======== Data below
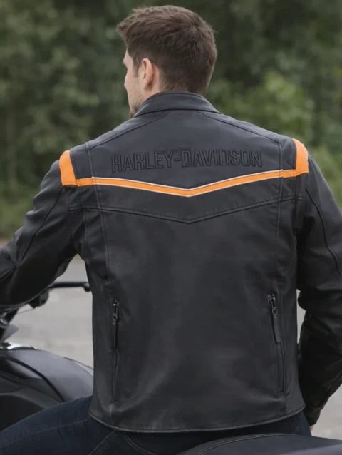 Harley-Davidson Men’s Capitol Triple Vent System 2.0 Leather Jacket – Harley Black & Harley Orange
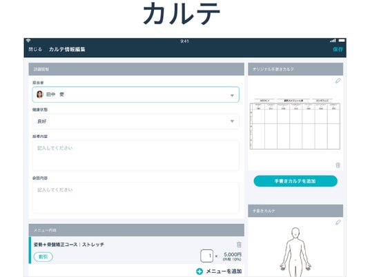 施術内容の入力、メニュー登録と自動計算、手書きカルテを残すことができます
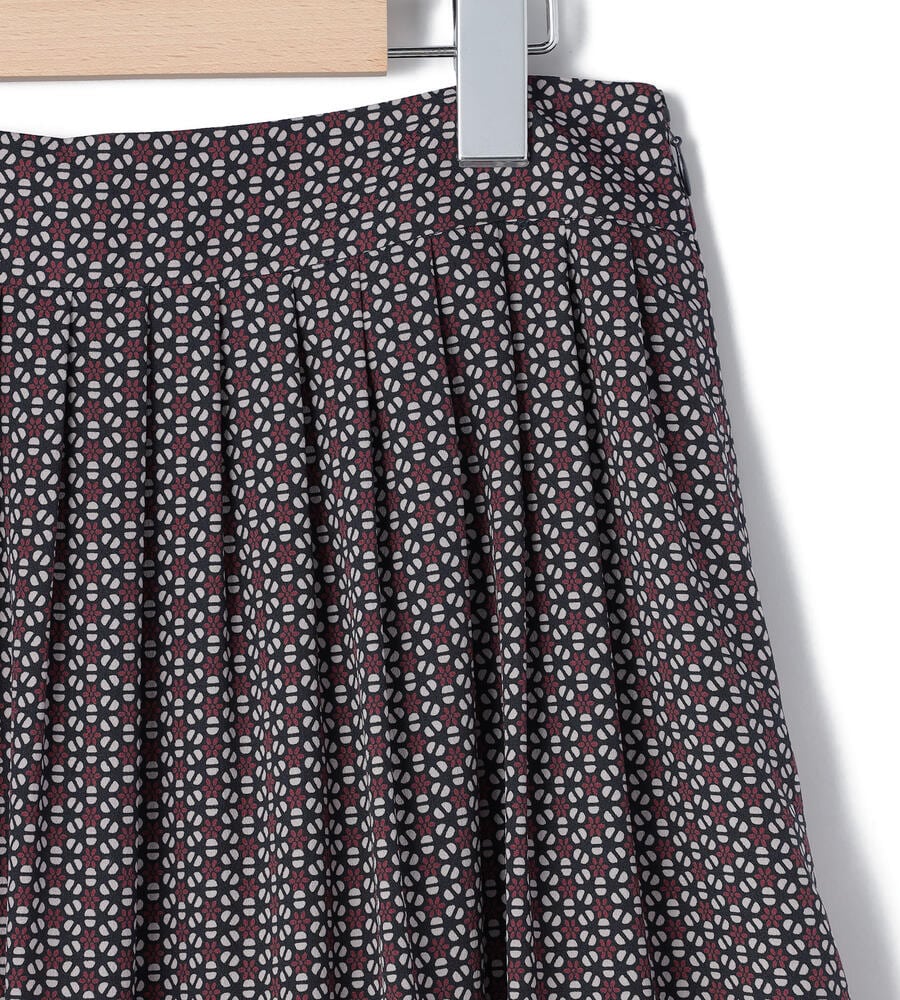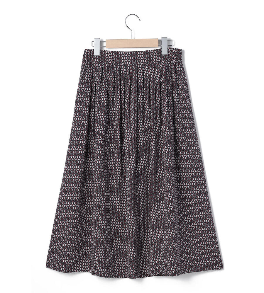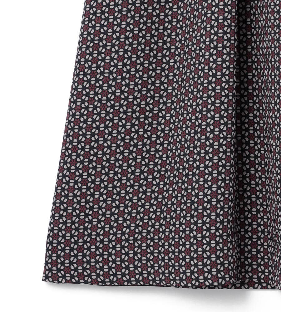 幾何学的で繊細な小紋柄を用いたミモレ丈スカート。シボのあるポリエステル素材はさらりとしており、プリーツから展開するドレープが軽やかに揺れる素材です。膝が隠れる程度の着丈で、淑女らしい着こなしを楽しめるのが魅力。ニットやブラウスなど、合わせるトップスの質感を選ばず、多彩なスタイリングに活躍します。
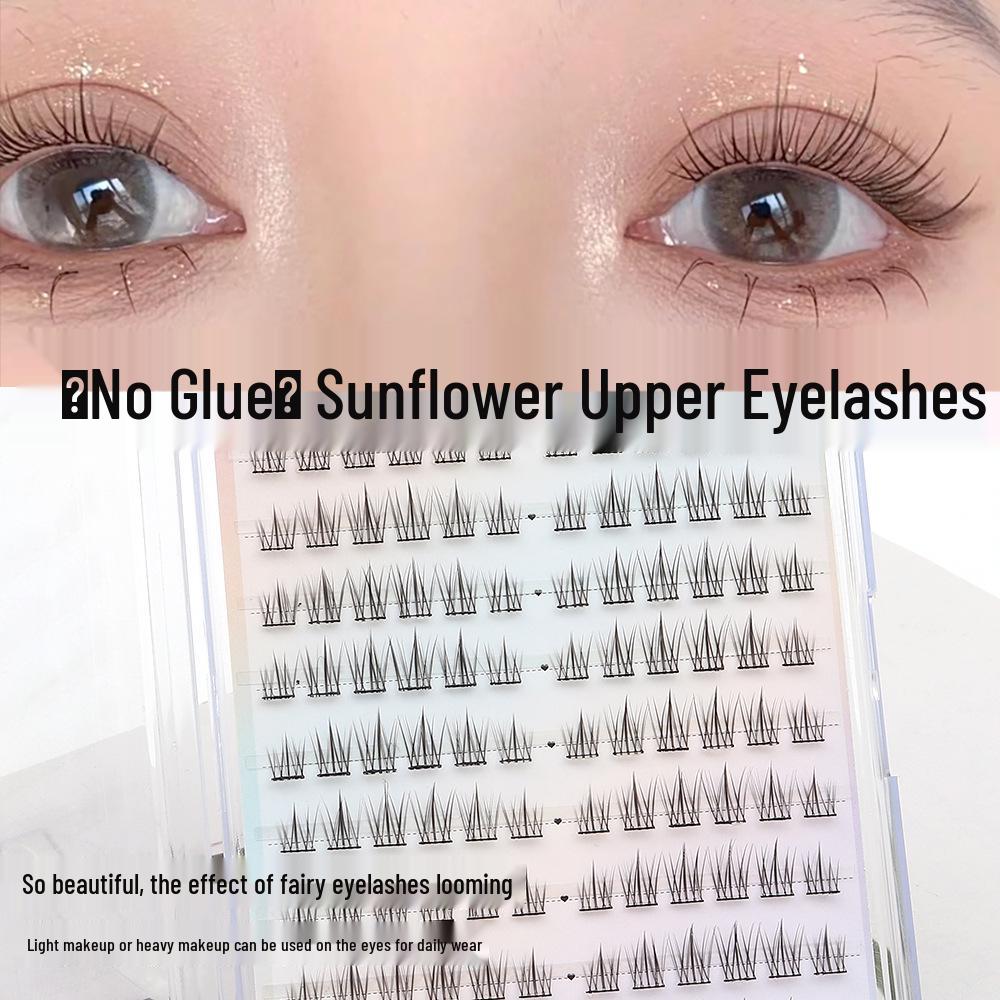 Lazy Sunflower Self-Adhesive False Eyelashes - Glue-Free, Natural Look, Easy 3-Step Application, No Removal Needed
================
Wherever a picture appears in the data, please drop it and retype the rest exactly.

### Output of the exercise
 Harley-Davidson Men’s Capitol Triple Vent System 2.0 Leather Jacket – Harley Black & Harley Orange
 施術内容の入力、メニュー登録と自動計算、手書きカルテを残すことができます
 幾何学的で繊細な小紋柄を用いたミモレ丈スカート。シボのあるポリエステル素材はさらりとしており、プリーツから展開するドレープが軽やかに揺れる素材です。膝が隠れる程度の着丈で、淑女らしい着こなしを楽しめるのが魅力。ニットやブラウスなど、合わせるトップスの質感を選ばず、多彩なスタイリングに活躍します。
 Lazy Sunflower Self-Adhesive False Eyelashes - Glue-Free, Natural Look, Easy 3-Step Application, No Removal Needed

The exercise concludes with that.